Fortunately for us all, DiCaprio went instead for the safer property of The Beach, and American Psycho was given back to director Mary Harron, who had made the brilliant I Shot Andy Warhol in 1996. And what a fine job she has done of it.
Harron co-scripted the movie with Guinevere Turner, who wrote, directed and starred in the 1994 lesbian drama Go Fish, and who has an ironic cameo in American Psycho, resisting (at first) the titular psycho’s request that she have sex with another woman while he watches. This is a very intelligent adaptation of Easton Ellis’s novel, putting just off-screen the sickeningly detailed descriptions of torture and murder and thus avoiding an upmarket gorefest that would have been little more than a slightly classier version of The Texas Chainsaw Massacre (one of Bateman’s favourite movies).
Harron and Turner have filleted out the novel’s heart, so to speak, and rearranged key episodes of a longish, repetitive novel into a narrative as lean and mean as its protagonist. One of the text’s running jokes is the way in which what people are wearing is obsessively listed; instead of giving us personal character traits, they are collections of brand-names. Without this cataloguing, the novel would probably have been 100 pages shorter, but it works to show how a hyper-consumerist society puts surface over substance and having above being. Harron and Turner omit most of this, but carefully place similar vignettes in the film to make the same point. Bateman’s description of his cosmetic regime — a exquisite distillation of the theme of how the pursuit of exterior perfection has replaced inner worth — is hilarious.

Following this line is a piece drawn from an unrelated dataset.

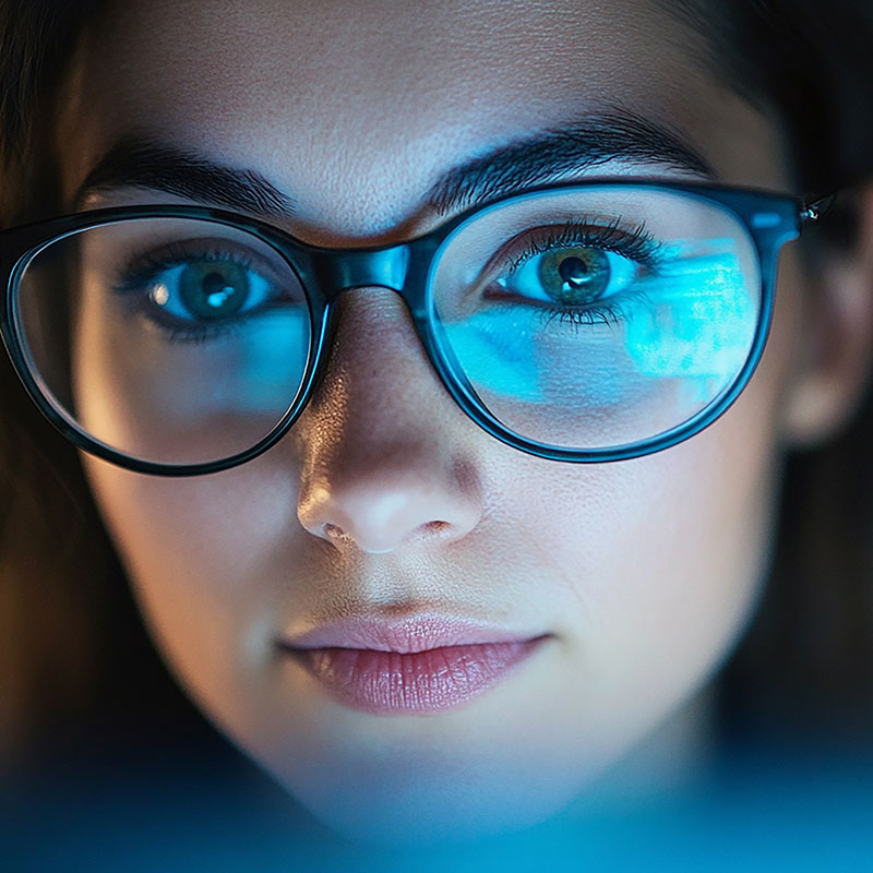 - Blue light–filtering lenses or coatings for enhanced comfort

British actor Christian Bale (first seen at age 13 in The Empire of the Sun) plays Patrick Bateman, and does so with consummate delicacy and skill. In his mid-twenties, Bateman is what Tom Wolfe, in The Bonfire of the Vanities, called a “master of the universe”: he works on Wall Street, he works out constantly to achieve a supermodel body (nothing less will do), he angsts about getting into the best restaurants, but to his soulless eye other people are just tubs of blood awaiting the enactment of his gory fantasies.

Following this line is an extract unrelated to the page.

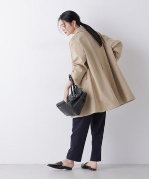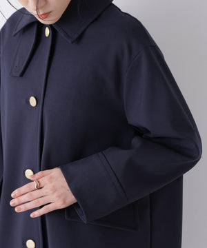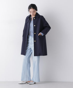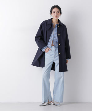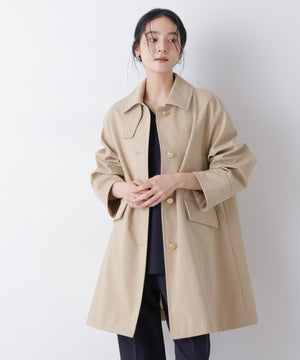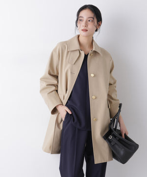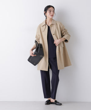 きれいめなボンディング素材で仕立てたステンカラーコート。しっかりとしたハリ感のある構築的なフォルムに、バックタックを入れ大人なテントラインシルエットを実現。春のオケージョンシーンにはもちろん、カジュアルなアイテムとも好相性な一着です。

He is ridiculously wealthy (he doesn’t need to work, but does so “Because I want to fit in”), and looks like the idealised boy next door, but has no emotions except greed and lust. “There is no real me,” he confides as he peels off his facepack. He worries about the sodium content of what he eats, but drinks heavily and hoovers cocaine. He eviscerates people for pleasure, and, moreover, loves the music of Chris de Burgh and Whitney Houston, but in a time and place where value is calculated only in monetary terms, he can get away with it.

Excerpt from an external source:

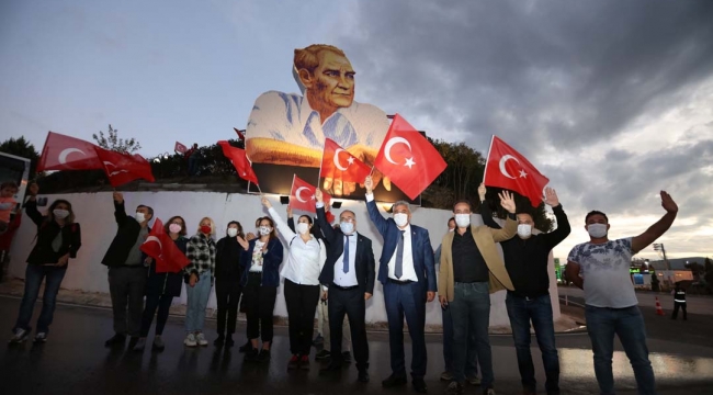 Cumhuriyet Tırı konvoy geçişinden sonra Sanatçı Turgut Kahraman’ın yağlı boya ile yaptığı dev bir Atatürk Panosu açılışı yapıldı. Güzelbahçe Belediye Başkanı Mustafa İnce açılışta bir konuşma yaptı. Başkan İnce, “Güzelbahçe’yi Cumhuriyet Tırımızla dolaştık. Finali Cumhuriyetimizin 97.yılına yakışır bir şekilde tamamlayacağız. Ama hep birlikte Atamıza bir söz vereceğiz önce. Sana sözümüz olsun büyük Atatürk, emanetinin yılmaz bekçileriyiz. İlkelerinin, devrimlerinin ve Cumhuriyetinin izinden kanımızın son damlasına kadar yılmada yürüyeceğimizi buradan bir kez daha haykırıyoruz. Yaşasın Cumhuriyet, yaşasın tam bağımsız Türkiye” dedi. Ardından Sanatçı Turgut Kahraman’ın yapmış olduğu Atatürk Panosunun açılışı gerçekleştirildi.

The time in question is the Eighties, and the place Manhattan, but the milieu has not vanished, nor the empty values.
The United States is richer than ever, and more than ever concerned with surfaces and brand-names — and the globalised (which is to say, Americanised) rest of the world is following suit, or trying. American Psycho meticulously recreates its setting, but it has a relevance beyond its period. It also has the dark wit and cinematic panache to be near-timeless, a haunting portrait of the murderous skull beneath the carefully moisturised and depilated skin. In short, it’s a killer movie.